» **Exercise brief**: What you write must be the lines from the one holding "a loud environment." through the final line of the records below, reproduced exactly, minus the pictures.

» **Material for this exercise**:
────────────────────────────────────────
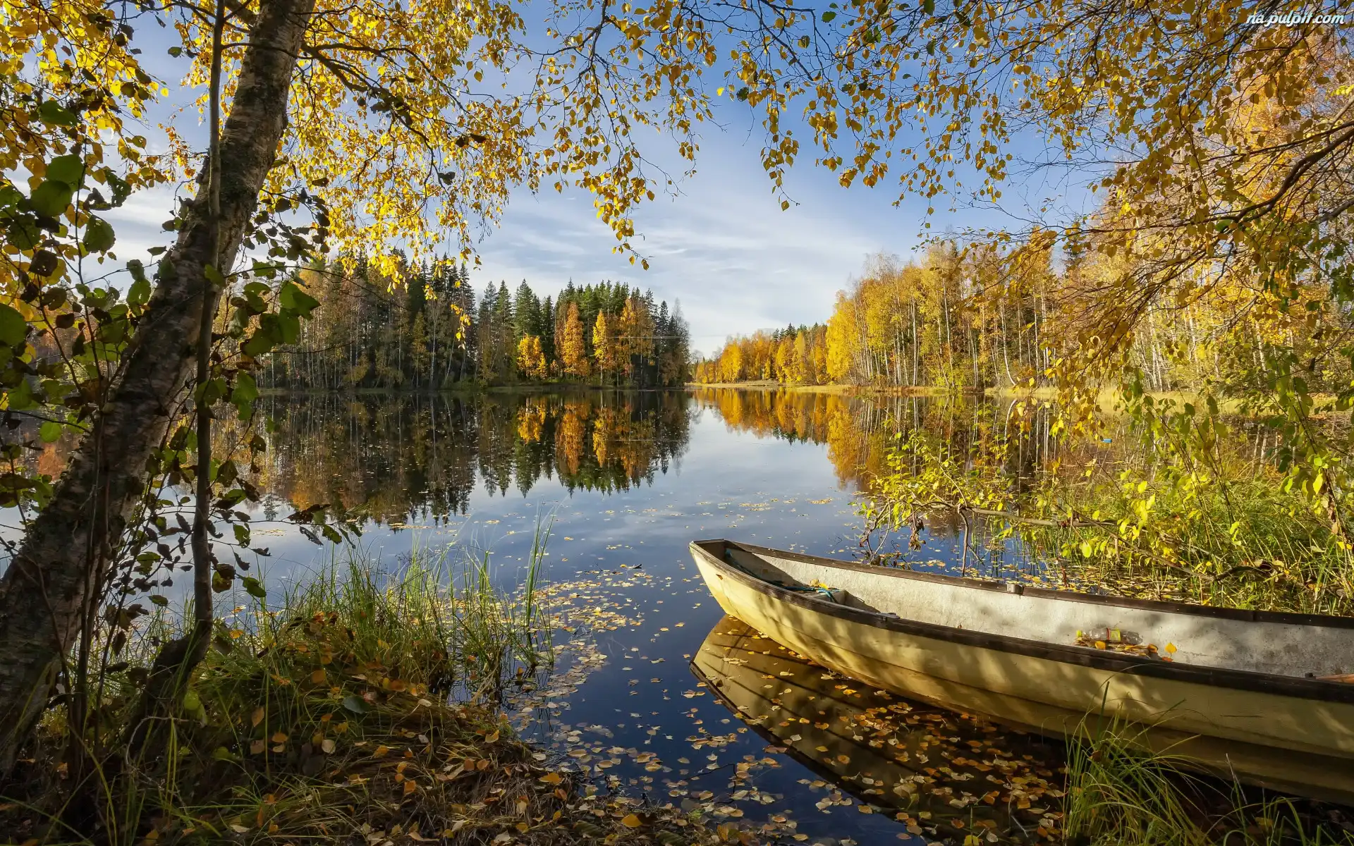 Jesień, Łódka, Drzewa, Słoneczny, Dzień, Brzozy, Jezioro, Las Na Pulpit
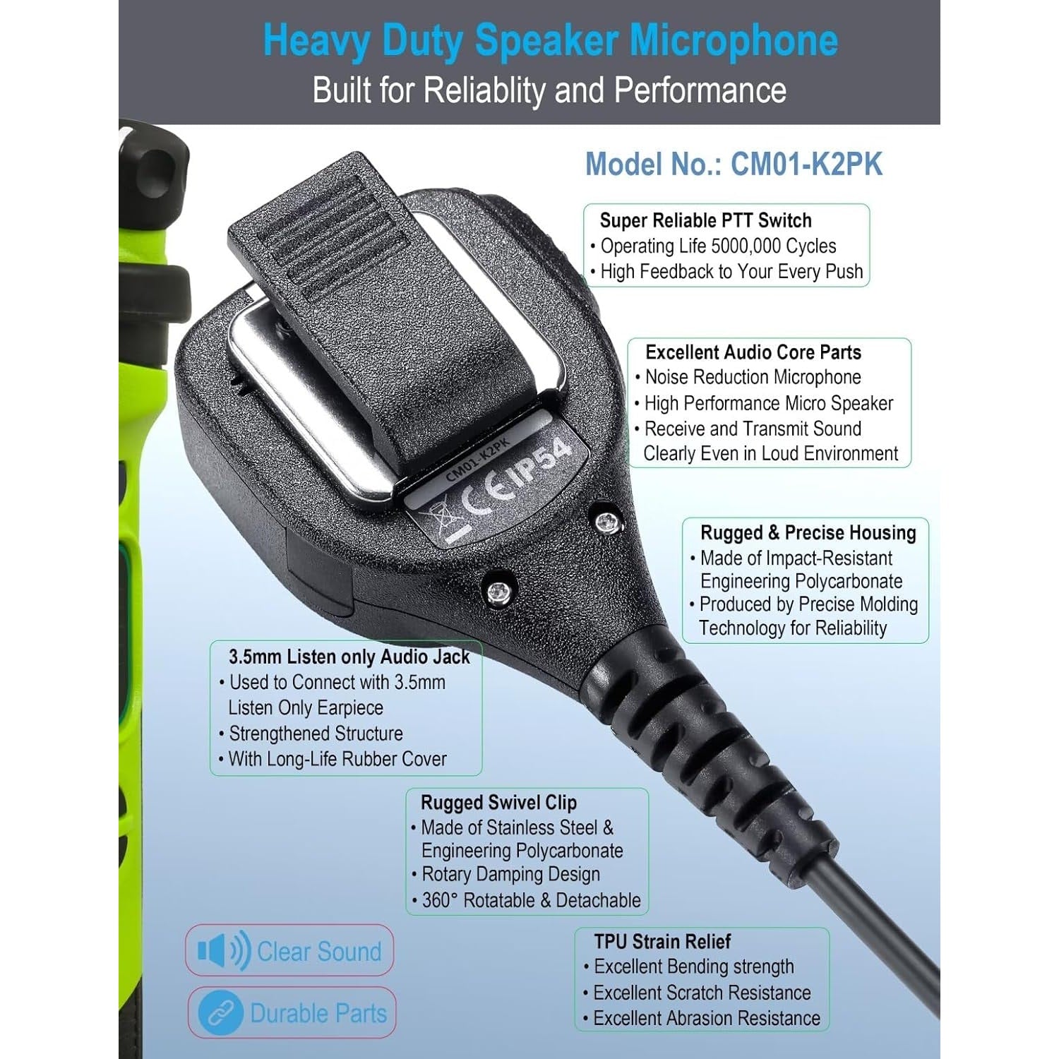 *Clear sound transmission: With a high-quality micro speaker, noise cancellation microphone, high-purity copper wire, and anti-interference circuit design, this speaker microphone ensures sound is received and transmitted clearly even in a loud environment.
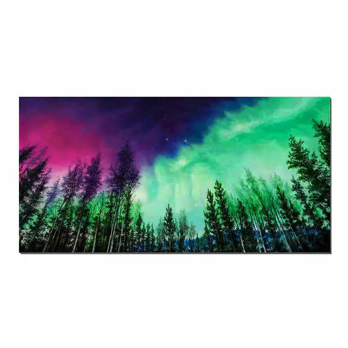 Hand-Embellished Northern Lights Tree Painting - 60 x 30 in.
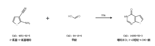 2.通過2-氨基-3-氰基噻吩和甲酸合成噻吩并[2,3-d]嘧啶-4(3H)-酮,收率約77%;
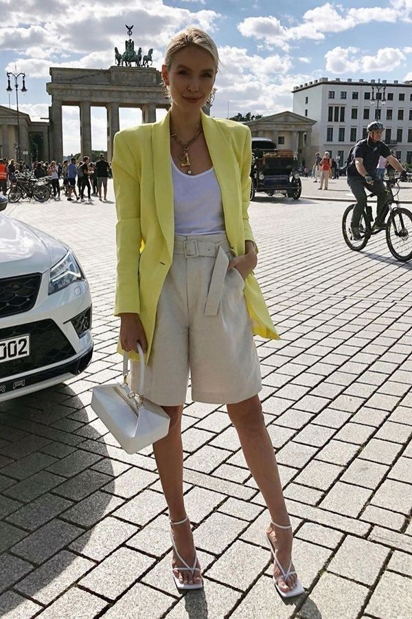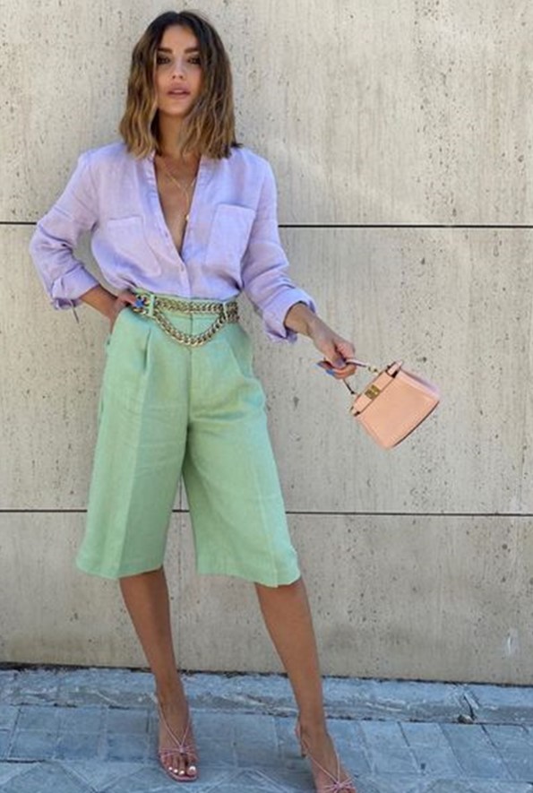 Образы с шортами универсальны: их можно носить в офис при нестрогом дресс-коде, а также на прогулку, в кафе, парк, гости. В зависимости от мероприятия, сочетайте с любой актуальной обувью: подойдут кроссовки, мюли, «дедушкины» сандалии, плетеная обувь, лодочки, лоферы, босоножки. В качестве базы выбирайте классические шорты-бермуды в нейтральных оттенках: светло-серый, бежевый, белый, молочный. Дополните их цветными рубашками, топами, футболками. Не забудьте о сумке, украшениях, ремне. В итоге у вас получится целая мини-капсула.
────────────────────────────────────────
» **Your solution**:
 *Clear sound transmission: With a high-quality micro speaker, noise cancellation microphone, high-purity copper wire, and anti-interference circuit design, this speaker microphone ensures sound is received and transmitted clearly even in a loud environment.
 Hand-Embellished Northern Lights Tree Painting - 60 x 30 in.
 2.通過2-氨基-3-氰基噻吩和甲酸合成噻吩并[2,3-d]嘧啶-4(3H)-酮,收率約77%;
 Образы с шортами универсальны: их можно носить в офис при нестрогом дресс-коде, а также на прогулку, в кафе, парк, гости. В зависимости от мероприятия, сочетайте с любой актуальной обувью: подойдут кроссовки, мюли, «дедушкины» сандалии, плетеная обувь, лодочки, лоферы, босоножки. В качестве базы выбирайте классические шорты-бермуды в нейтральных оттенках: светло-серый, бежевый, белый, молочный. Дополните их цветными рубашками, топами, футболками. Не забудьте о сумке, украшениях, ремне. В итоге у вас получится целая мини-капсула.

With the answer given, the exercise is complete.